U.S. auto recovery is well on track with Ford (NYSE:F) reporting an 18% increase in sales in April. The reported number was above analyst estimates for a 17% gain. A Detroit News article reports there is pent-up demand for vehicles, and that it is not a driving sales force yet. The average age of vehicles on the road increased to 11.2 years in 2012 from 10.8 years in 2011, suggesting that hundreds of thousands of vehicles need to be replaced. Ford also reported earnings on April 24th, beating analyst estimates. The housing and auto recovery are the driving force of the sluggish economic recovery, and Ford is one of the beneficiaries.
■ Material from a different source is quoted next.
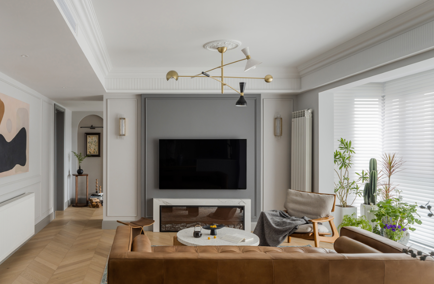 客廳作為休閑空間,不僅增加功能性設計。還為了貼合整體基調,精裝房原有的電視背景墻換成了簡約歐式風格,搭配淡雅的色彩,讓舒適輕松的休閑體驗回歸客廳。

Ford reported net income of $0.41 per share, beating analyst estimates. Revenue increased 10% to $35.8 billion, also beating estimates. North America was the strongest region with a 20% increase in revenue in the first quarter, followed by a 13% rise in the Asia-Pacific region. South America and Europe were weak, with 4% and 7% decrease in revenue in the quarter.
Operating margins decreased in South America due to the devaluation of the currency in Venezuela. Operating margins were also lower in North America and Europe. Europe was impacted by higher pension costs, while the company is adding workers to keep up with demand in North America and the shift to smaller cars affects the margins. Ford still expects to lose $2 billion in Europe this year, and expects to swing to profitability by mid-decade. With addition to higher pension costs in Europe, market factors and exchange rates were also unfavorable.
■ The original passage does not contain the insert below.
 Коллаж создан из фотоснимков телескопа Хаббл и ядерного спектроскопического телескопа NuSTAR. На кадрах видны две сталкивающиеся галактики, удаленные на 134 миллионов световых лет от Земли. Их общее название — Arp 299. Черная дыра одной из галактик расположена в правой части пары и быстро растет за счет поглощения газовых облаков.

Ford has shown exceptional strength with April U.S. sales rising 18%, above the expected 17% rise. Fusion and Escape established sales records, with sales increases of 24% and 52% respectively. F-series pickup sales also increased 24% to 59,030, the best level since 2006.
Competition and price performance
General Motors (NYSE:GM) also reported earnings above analyst estimates. GM seems to be doing better in Europe with its turnaround efforts. The company also expects to turn profitable in Europe around 2015, and reported an adjusted loss of $0.2 billion, compared to $0.3 billion in the first quarter of 2012. GM's adjusted earnings were lower than a year before, as the company is investing heavily and expects to refresh 70% of its 2012 portfolio. GM reported an 11% increase in April U.S. sales, topping analyst estimates for a 10% rise.
Ford is lagging GM recently, and the stock price is having trouble reaching its 52-week highs it achieved at the start of the year. GM reached new 52-week highs recently. I consider relative strength very important, and it points to GM being a better choice right now, as it is performing better than Ford. GM is also my favorite as explained in my early January article. The reasons in favor of GM then were: higher expected growth rates, lower PEG ratio and GM being purchased by famous value investors, like Warren Buffett and David Einhorn. Those reasons are still present today, with addition of relative strength.
Although GM might be a better choice of investment, Ford is not much behind. The company keeps delivering strong U.S. growth, and Europe remains the weakest spot for the company, with elevated turnaround efforts. The greatest short-term obstacle is the $14 price level, and it would be very positive for the stock if it could break out to new 52-week highs.